SPART/02_Gap_patching/wfmash_ragtag.sh prefix ref region

Manual operation

cd ragtag_output

perl SPART/02_Gap_patching/paf_filter.pl -i ragtag.patch.debug.filtered.paf -minlen 10000000 -iden 0.5

Manually editing the ragtag.patch.debug.filtered.paf file.Keep the high-quality contig and preserve the location of the only high confidence match in ragtag.patch.debug.filtered.paf that matches the sequence at both ends of the gap.

perl SPART/02_Gap_patching/renameagp.pl -i ragtag.patch.ctg.agp -i1 ragtag.patch.debug.filtered.paf -start seq00000000 -end seq00000001 -o test.agp

Test.agp is merged into ragtag.patch.agp and fasta is generated.

telomere patching

We used _submit_telomere.sh in ONT reads >100kb.ONT reads with telomere sequence mapping to this locus based on minimap2 alignments were manually identified. The longest was selected as template , all others aligned to it and polished with Medaka:

medaka -v -i ONT_tel_reads.fasta -d longest_ont_tel.fasta -o ont_tel_medaka.fasta

Telomere signal in all HiFi reads was identified with the commands:

_submit_telomere.sh hifi_reads.fasta

Additional HiFi reads were recruited from a manual analysis. We looked for trimmed tips that could extend. All reads had telomere signal and were aligned to the medaka consensus and polished with Racon with the commands:

minimap2 -t16 -ax map-pb ont_tel_medaka.fasta hifi_tel.fasta > medaka.sam

racon hifi_tel.fasta medaka.sam ont_tel_medaka.fasta > racon.fasta

Finally, the polished result was patched into the assembly with ragtag patch or manually patched.

Citation

https://github.com/marbl/CHM13-issues/blob/main/error_detection.md.

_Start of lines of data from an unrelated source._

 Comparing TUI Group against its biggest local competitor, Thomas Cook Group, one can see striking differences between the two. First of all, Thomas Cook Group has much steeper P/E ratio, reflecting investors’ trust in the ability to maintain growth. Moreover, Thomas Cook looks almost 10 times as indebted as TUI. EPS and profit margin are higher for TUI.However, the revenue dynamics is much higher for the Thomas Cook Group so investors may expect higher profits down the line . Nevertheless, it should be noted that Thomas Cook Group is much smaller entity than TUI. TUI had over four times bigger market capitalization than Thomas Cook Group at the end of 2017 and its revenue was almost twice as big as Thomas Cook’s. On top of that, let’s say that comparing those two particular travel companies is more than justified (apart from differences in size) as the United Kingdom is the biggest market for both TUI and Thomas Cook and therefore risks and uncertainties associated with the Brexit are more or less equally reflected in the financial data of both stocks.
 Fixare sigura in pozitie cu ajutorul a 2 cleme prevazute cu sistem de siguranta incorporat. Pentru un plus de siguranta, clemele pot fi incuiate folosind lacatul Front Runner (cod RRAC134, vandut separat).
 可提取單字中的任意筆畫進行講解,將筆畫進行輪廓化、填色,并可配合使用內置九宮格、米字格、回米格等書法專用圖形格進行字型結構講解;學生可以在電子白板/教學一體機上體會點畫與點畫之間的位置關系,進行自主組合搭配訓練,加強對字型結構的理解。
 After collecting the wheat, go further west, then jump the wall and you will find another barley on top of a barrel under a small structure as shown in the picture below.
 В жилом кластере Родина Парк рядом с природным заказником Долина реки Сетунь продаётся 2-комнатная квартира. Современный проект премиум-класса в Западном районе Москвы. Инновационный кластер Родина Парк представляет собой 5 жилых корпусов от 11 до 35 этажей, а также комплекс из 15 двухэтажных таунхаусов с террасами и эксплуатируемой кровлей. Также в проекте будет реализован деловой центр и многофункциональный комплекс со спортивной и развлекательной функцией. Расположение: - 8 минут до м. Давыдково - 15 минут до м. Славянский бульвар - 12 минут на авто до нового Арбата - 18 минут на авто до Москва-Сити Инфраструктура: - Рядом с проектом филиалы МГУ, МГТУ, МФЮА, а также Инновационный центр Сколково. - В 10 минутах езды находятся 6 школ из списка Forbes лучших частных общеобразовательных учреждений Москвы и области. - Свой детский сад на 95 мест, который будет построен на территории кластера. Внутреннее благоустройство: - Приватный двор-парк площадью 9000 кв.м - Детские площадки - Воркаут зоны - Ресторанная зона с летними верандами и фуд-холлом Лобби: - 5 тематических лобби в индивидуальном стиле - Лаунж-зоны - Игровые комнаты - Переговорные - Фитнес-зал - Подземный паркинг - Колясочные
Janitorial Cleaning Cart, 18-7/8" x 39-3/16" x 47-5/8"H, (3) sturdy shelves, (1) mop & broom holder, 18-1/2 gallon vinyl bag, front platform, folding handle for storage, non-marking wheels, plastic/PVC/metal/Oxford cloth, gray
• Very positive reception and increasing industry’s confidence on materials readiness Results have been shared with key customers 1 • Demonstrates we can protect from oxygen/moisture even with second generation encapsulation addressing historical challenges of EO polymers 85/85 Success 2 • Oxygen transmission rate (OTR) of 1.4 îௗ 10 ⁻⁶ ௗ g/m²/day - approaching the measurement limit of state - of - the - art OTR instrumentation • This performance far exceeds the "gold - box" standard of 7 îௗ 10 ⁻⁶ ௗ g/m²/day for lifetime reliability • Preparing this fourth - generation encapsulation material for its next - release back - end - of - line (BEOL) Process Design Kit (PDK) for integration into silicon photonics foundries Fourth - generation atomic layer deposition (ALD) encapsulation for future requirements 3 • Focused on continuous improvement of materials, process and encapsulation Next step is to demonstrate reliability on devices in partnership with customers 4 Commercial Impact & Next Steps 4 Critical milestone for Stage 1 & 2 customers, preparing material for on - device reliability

Centromeric region analysis

SPART/02_Gap_patching/Centromeric_region_analysis.sh workdir FASTA INDEX prefix CHIP1 CHIP2 threads

03_Polishing

SPART/03_Polishing/calsv_snv.sh workdir ref threads

04_Evaluation

BUSCO

SPART/04_Evaluation/BUSCO.sh ref prefix

mapping rates & coverages

SPART/04_Evaluation/mapping_rates_coverages.sh hybrid_bam single_bam ont_bam

LTR

SPART/04_Evaluation/ltr.sh ref prefix

QV

SPART/04_Evaluation/qv.sh query ref

BACs

SPART/04_Evaluation/bac.sh bac_reads ref_chr